Problem description: In your copy of the data below, reproduce every entry exactly and omit the pictures.

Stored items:
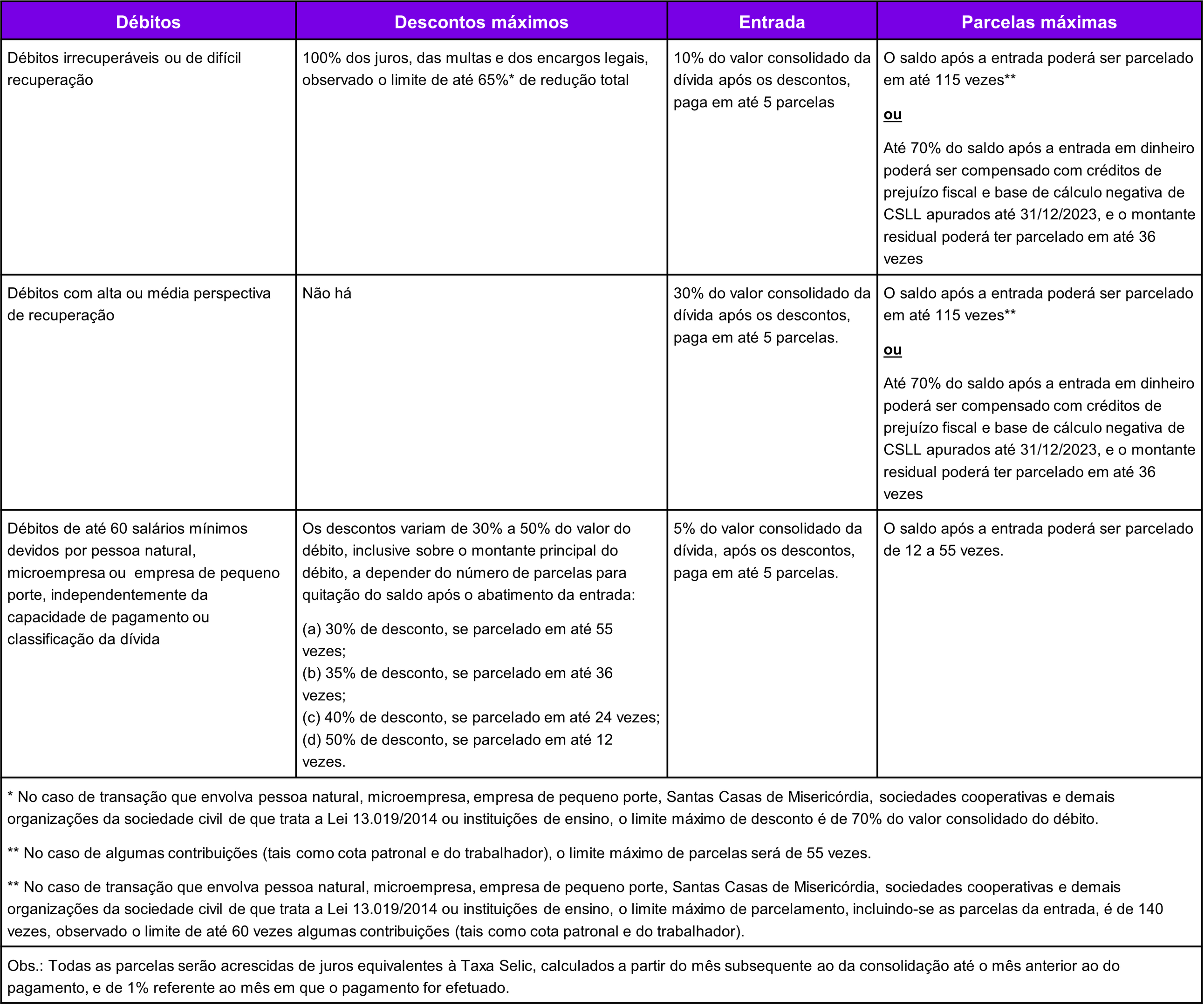 Quem aderir poderá obter descontos (especialmente em caso de débitos considerados irrecuperáveis ou de difícil recuperação), além da possibilidade de parcelamento e pagamento com créditos de prejuízo fiscal e base negativa de CSLL, conforme detalhado a seguir:
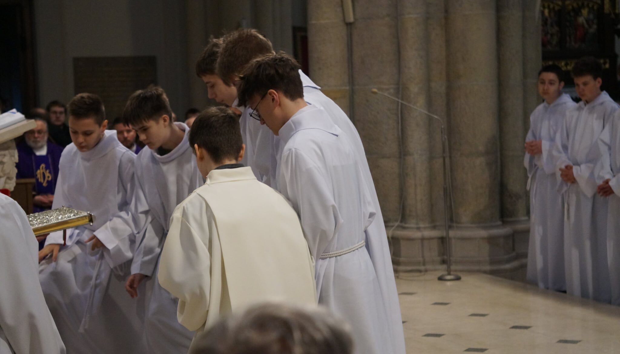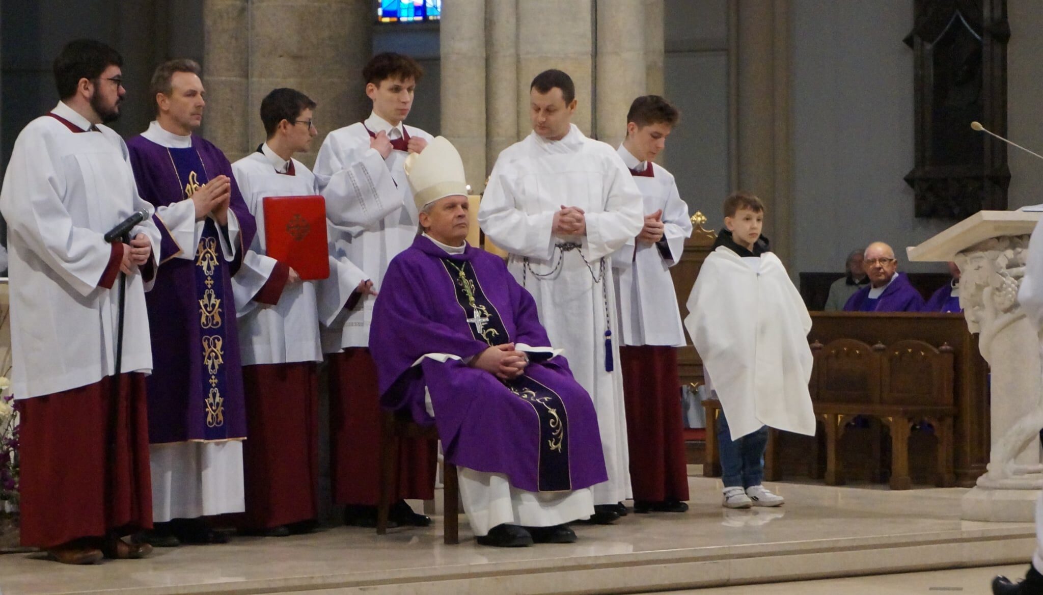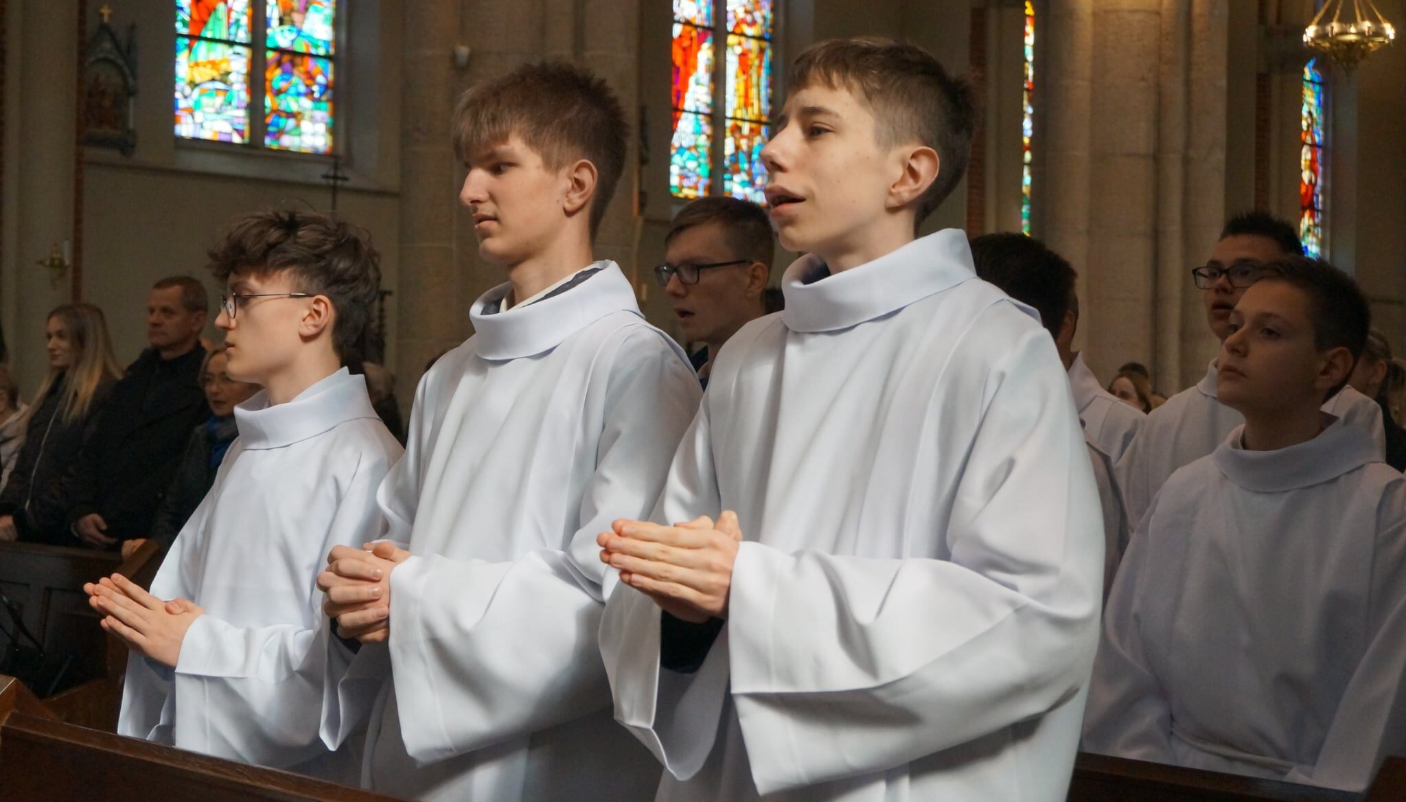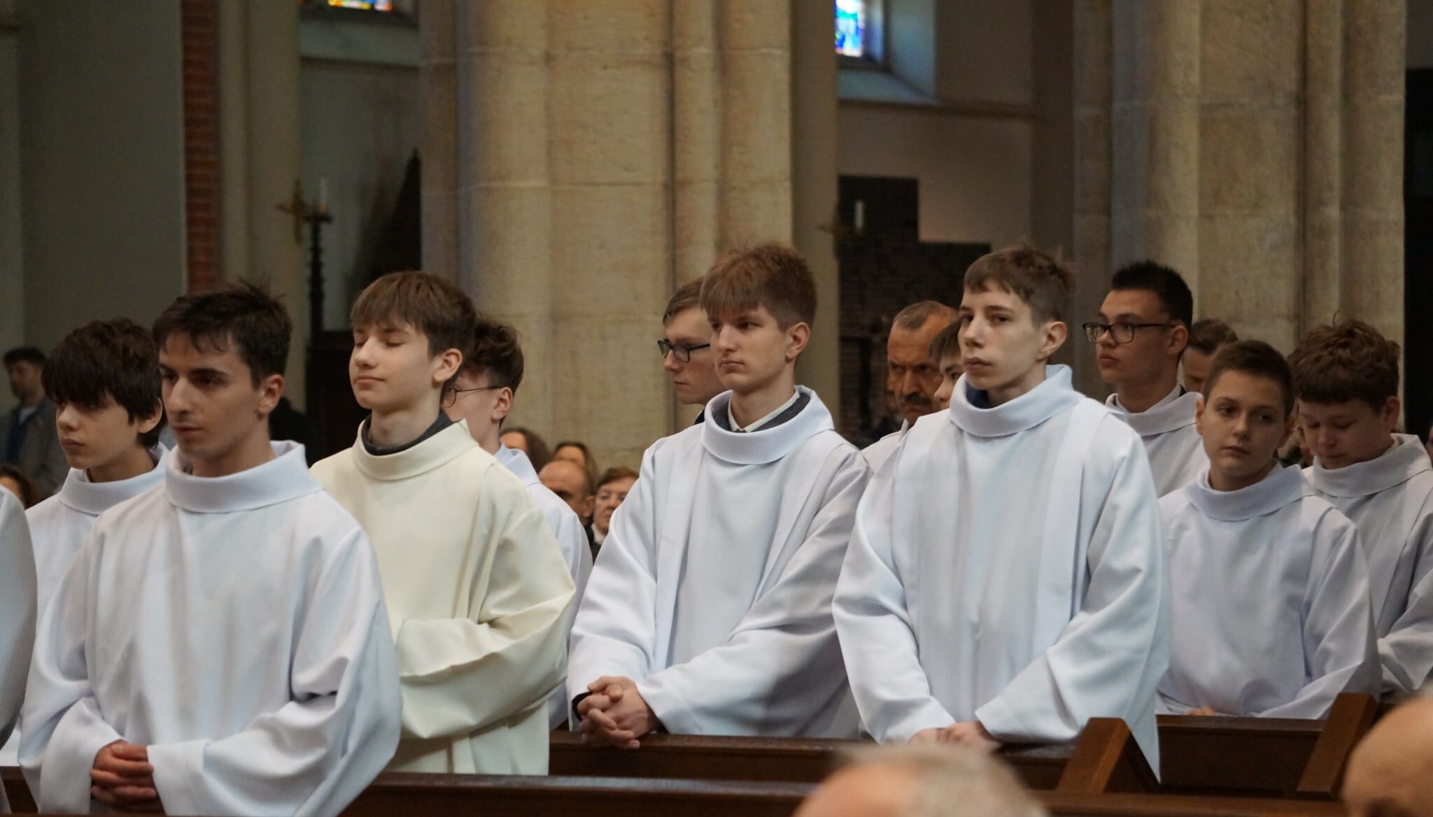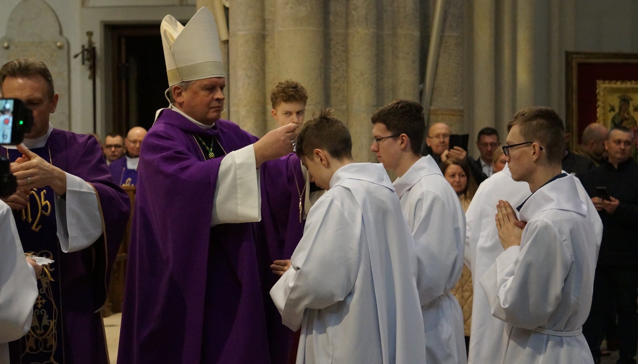 W dniu dzisiejszym w Łódzkiej Katedrze miała miejsce Msza św. podczas której zostało pobłogosławionych ponad 100 nowych lektorów w naszej diecezji. W ich gronie znalazło się dwóch ministrantów z naszej wspólnoty parafialnej: Krzysztof Karpiński i Piotr Lewandowski. Eucharystii przewodniczył ksiądz biskup Zbigniew Wołkowicz, który homilię skierował do przyszłych lektorów. Podjął w niej temat duchowości lektora, zwrócił również uwagę na to, że ludzie są jedynie narzędziem w rękach Boga w procesie przekazywania Bożego Słowa. „Potrzebujemy kontaktu ze Słowem, by Pan Jezus przez nas mógł przemawiać!” – powiedział biskup Wołkowicz do lektorów.
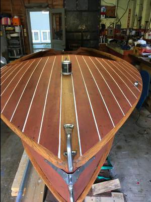 95% restored 1952 Wagemaker Wolverine 14ft mahogany outboard.
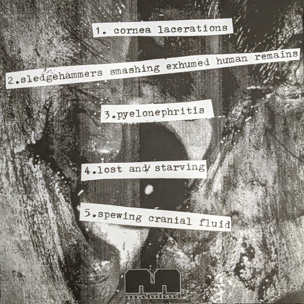 Tracklist: A1. Cornea Lacerations, A2. Sledgehammers Smashing Exhumed Human Remains, A3. Pyelonephritis, B1. Lost And Starving, B2. Spewing Cranial Fluid
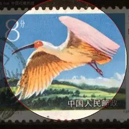 2000年2月25日发行的《国家重点保护野生动物(Ⅰ)级》小型张上,10枚中的第一枚是朱鹮。画面上只见一只朱鹮潇洒地低飞掠过碧绿的稻田、水塘,扇起的翅膀透出淡雅的橙红色,伸着细长的前端向下弯的嘴喙,一双黄亮的眼睛四下寻觅着它喜欢的食物,水中的鱼虾、田螺、青蛙和泥鳅。

Response to this exercise:
 Quem aderir poderá obter descontos (especialmente em caso de débitos considerados irrecuperáveis ou de difícil recuperação), além da possibilidade de parcelamento e pagamento com créditos de prejuízo fiscal e base negativa de CSLL, conforme detalhado a seguir:
 W dniu dzisiejszym w Łódzkiej Katedrze miała miejsce Msza św. podczas której zostało pobłogosławionych ponad 100 nowych lektorów w naszej diecezji. W ich gronie znalazło się dwóch ministrantów z naszej wspólnoty parafialnej: Krzysztof Karpiński i Piotr Lewandowski. Eucharystii przewodniczył ksiądz biskup Zbigniew Wołkowicz, który homilię skierował do przyszłych lektorów. Podjął w niej temat duchowości lektora, zwrócił również uwagę na to, że ludzie są jedynie narzędziem w rękach Boga w procesie przekazywania Bożego Słowa. „Potrzebujemy kontaktu ze Słowem, by Pan Jezus przez nas mógł przemawiać!” – powiedział biskup Wołkowicz do lektorów.
 95% restored 1952 Wagemaker Wolverine 14ft mahogany outboard.
 Tracklist: A1. Cornea Lacerations, A2. Sledgehammers Smashing Exhumed Human Remains, A3. Pyelonephritis, B1. Lost And Starving, B2. Spewing Cranial Fluid
 2000年2月25日发行的《国家重点保护野生动物(Ⅰ)级》小型张上,10枚中的第一枚是朱鹮。画面上只见一只朱鹮潇洒地低飞掠过碧绿的稻田、水塘,扇起的翅膀透出淡雅的橙红色,伸着细长的前端向下弯的嘴喙,一双黄亮的眼睛四下寻觅着它喜欢的食物,水中的鱼虾、田螺、青蛙和泥鳅。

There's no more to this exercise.